**Exercise directions:**
Where a picture appears in the data below, exclude it; restate everything else word for word.

**Data:**
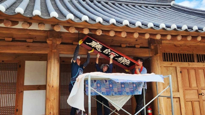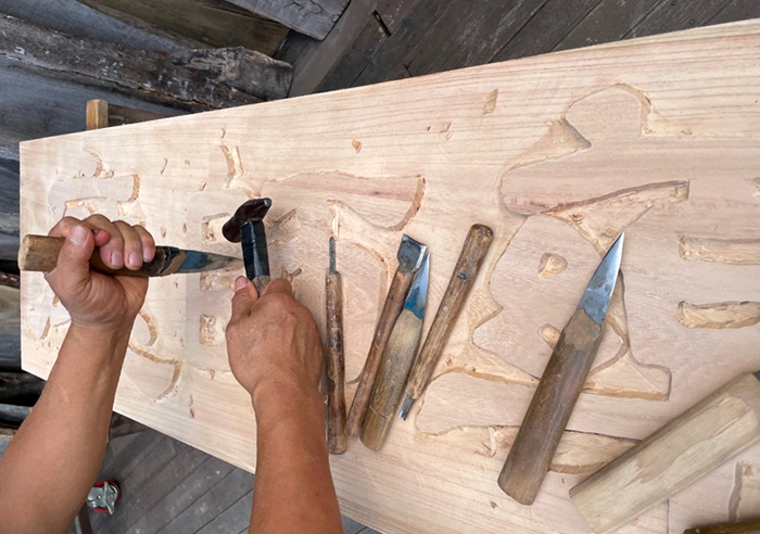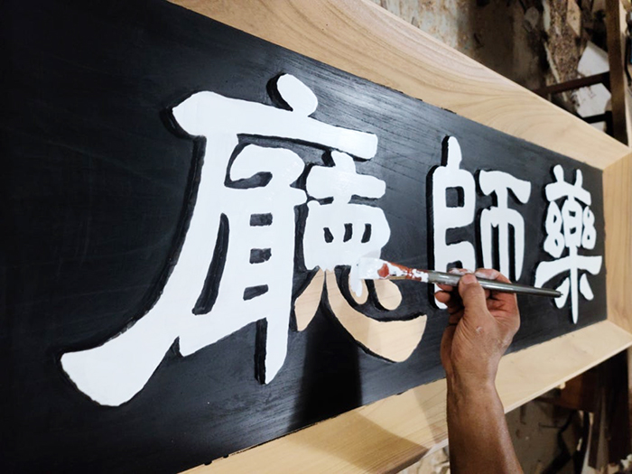 저는 목조각뿐 아니라 서각과 가구 제작도 동시에 배웠거든요. 서각은 유명 서예가들의 작품을 받아서 목재에 새겨 판매하는 방식으로 이뤄졌는데, 그게 발전해서 2000년도부터는 부산 지역의 문화재 현판 작업을 많이 맡았어요. 소헌 정도준 선생과 초정 권창륜, 구당 여원구 선생 같은 당대 서예 거장들의 필체를 7년간 자연 건조한 금강송에 새겨 넣는 정밀한 작업도 했고요.
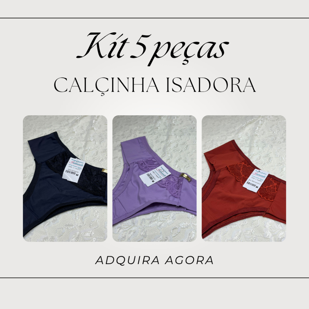 A poliamida é um dos melhores tecidos para lingerie porque: ✅ Toque macio e sedoso – parece uma segunda pele. ✅ Respira melhor, não abafa e evita desconforto. ✅ Seca rápido e não fica úmida como outros tecidos. ✅ Não deforma e não desbota fácil, mesmo depois de várias lavagens. ✅ Mais durável e confortável para o dia a dia. ⚠️ E por que evitar poliéster na lingerie? Exemplos: SUPLEX, ROMANTIC, poliamida misturada com poliéster. ❌ Abafa a pele → esquenta e dá sensação de suor. ❌ Demora a secar → fica úmido e pode causar mau odor. ❌ Toque mais áspero comparado à poliamida. ❌ Menos durável → pode lacear e perder o caimento. - ESSE ANUNCIO SE REFERE AO KIT COM 5 CALCINHAS ISADORA FEITA EM MICROFIBRA COM RENDA NA FRENTE. ***POR FAVOR, O KIT IRÁ COM COR SORTIDA, PODE ACONTECER DE IR COR REPETIDA E IRÁ A COR REPETIDA QUE TIVER EM ESTOQUE. SEM OPÇÃO DE ESCOLHA DA COR. OU SE QUISER OUTRA COMBINAÇÃO DE CORES, ESCOLHER CORES VARIADAS E NOS ENVIAR AS CORES DESEJADAS POR CHAT OU COLOCAR NA OBSERVAÇÃO.** ITENS INCLUSOS: - 5 CALCINHA FEMININA ISADORA Produto 100% original, com garantia e nota fiscal. DESCRIÇÃO DO PRODUTO: -A Calçinha Microfibra oferece máximo conforto. Feito em microfibra macia, com renda que garante um ajuste perfeito sem atrito. As laterais mais largas e cintura média proporcionam ampla cobertura, sendo ideal para diferentes tamanhos. O tecido permite a passagem de ar, prevenindo umidade e bactérias, mantendo a saúde da pele. Perfeito para o dia a dia. CARACTERÍSTICAS: - Confeccionado em microfibra de toque macio e super confortável. - As Laterais são mais largas e sem costura para não causar atrito na pele. - Forro 100% Algodão - Ideal para o dia a dia. TAMANHOS: - M - G - GG COMPOSIÇÃO DA CALÇINHA: - 90% Poliamida - 10% Elastano COMPOSIÇÃO RENDA: 90% Poliamida - 10% Elastano COMPOSIÇÃO FORRO: -100% Algodão **POSTAGEM:** Se o pagamento for confirmado até as 12:00, postamos o pedido no mesmo dia. Exceto Sábados, Domingos e Feriados. **INSTITUCIONAL:** Há mais de 30 anos no mercado oferecendo a melhor experiência, a Insinuante é líder de vendas e continua crescendo mês a mês, sempre prestando um bom atendimento a um preço justo. Trabalhamos somente com produtos originais e priorizamos a agilidade na entrega do produto e qualidade no atendimento, visando proporcionar a melhor experiência possível para nossos clientes.
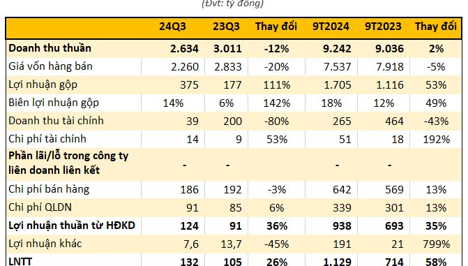 CTCP Phân bón Dầu khí Cà Mau (Đạm Cà Mau, mã chứng khoán: DCM) vừa công bố BCTC quý 3/2024 với doanh thu thuần đạt 2.634 tỷ đồng, giảm 12% so với cùng kỳ năm 2023. Giá vốn hàng bán giảm mạnh 20% giúp lợi nhuận gộp tăng cao, giá trị ghi nhận 375 tỷ đồng, tương ứng tăng 111% so với cùng kỳ.

**Written response:**
 저는 목조각뿐 아니라 서각과 가구 제작도 동시에 배웠거든요. 서각은 유명 서예가들의 작품을 받아서 목재에 새겨 판매하는 방식으로 이뤄졌는데, 그게 발전해서 2000년도부터는 부산 지역의 문화재 현판 작업을 많이 맡았어요. 소헌 정도준 선생과 초정 권창륜, 구당 여원구 선생 같은 당대 서예 거장들의 필체를 7년간 자연 건조한 금강송에 새겨 넣는 정밀한 작업도 했고요.
 A poliamida é um dos melhores tecidos para lingerie porque: ✅ Toque macio e sedoso – parece uma segunda pele. ✅ Respira melhor, não abafa e evita desconforto. ✅ Seca rápido e não fica úmida como outros tecidos. ✅ Não deforma e não desbota fácil, mesmo depois de várias lavagens. ✅ Mais durável e confortável para o dia a dia. ⚠️ E por que evitar poliéster na lingerie? Exemplos: SUPLEX, ROMANTIC, poliamida misturada com poliéster. ❌ Abafa a pele → esquenta e dá sensação de suor. ❌ Demora a secar → fica úmido e pode causar mau odor. ❌ Toque mais áspero comparado à poliamida. ❌ Menos durável → pode lacear e perder o caimento. - ESSE ANUNCIO SE REFERE AO KIT COM 5 CALCINHAS ISADORA FEITA EM MICROFIBRA COM RENDA NA FRENTE. ***POR FAVOR, O KIT IRÁ COM COR SORTIDA, PODE ACONTECER DE IR COR REPETIDA E IRÁ A COR REPETIDA QUE TIVER EM ESTOQUE. SEM OPÇÃO DE ESCOLHA DA COR. OU SE QUISER OUTRA COMBINAÇÃO DE CORES, ESCOLHER CORES VARIADAS E NOS ENVIAR AS CORES DESEJADAS POR CHAT OU COLOCAR NA OBSERVAÇÃO.** ITENS INCLUSOS: - 5 CALCINHA FEMININA ISADORA Produto 100% original, com garantia e nota fiscal. DESCRIÇÃO DO PRODUTO: -A Calçinha Microfibra oferece máximo conforto. Feito em microfibra macia, com renda que garante um ajuste perfeito sem atrito. As laterais mais largas e cintura média proporcionam ampla cobertura, sendo ideal para diferentes tamanhos. O tecido permite a passagem de ar, prevenindo umidade e bactérias, mantendo a saúde da pele. Perfeito para o dia a dia. CARACTERÍSTICAS: - Confeccionado em microfibra de toque macio e super confortável. - As Laterais são mais largas e sem costura para não causar atrito na pele. - Forro 100% Algodão - Ideal para o dia a dia. TAMANHOS: - M - G - GG COMPOSIÇÃO DA CALÇINHA: - 90% Poliamida - 10% Elastano COMPOSIÇÃO RENDA: 90% Poliamida - 10% Elastano COMPOSIÇÃO FORRO: -100% Algodão **POSTAGEM:** Se o pagamento for confirmado até as 12:00, postamos o pedido no mesmo dia. Exceto Sábados, Domingos e Feriados. **INSTITUCIONAL:** Há mais de 30 anos no mercado oferecendo a melhor experiência, a Insinuante é líder de vendas e continua crescendo mês a mês, sempre prestando um bom atendimento a um preço justo. Trabalhamos somente com produtos originais e priorizamos a agilidade na entrega do produto e qualidade no atendimento, visando proporcionar a melhor experiência possível para nossos clientes.
 CTCP Phân bón Dầu khí Cà Mau (Đạm Cà Mau, mã chứng khoán: DCM) vừa công bố BCTC quý 3/2024 với doanh thu thuần đạt 2.634 tỷ đồng, giảm 12% so với cùng kỳ năm 2023. Giá vốn hàng bán giảm mạnh 20% giúp lợi nhuận gộp tăng cao, giá trị ghi nhận 375 tỷ đồng, tương ứng tăng 111% so với cùng kỳ.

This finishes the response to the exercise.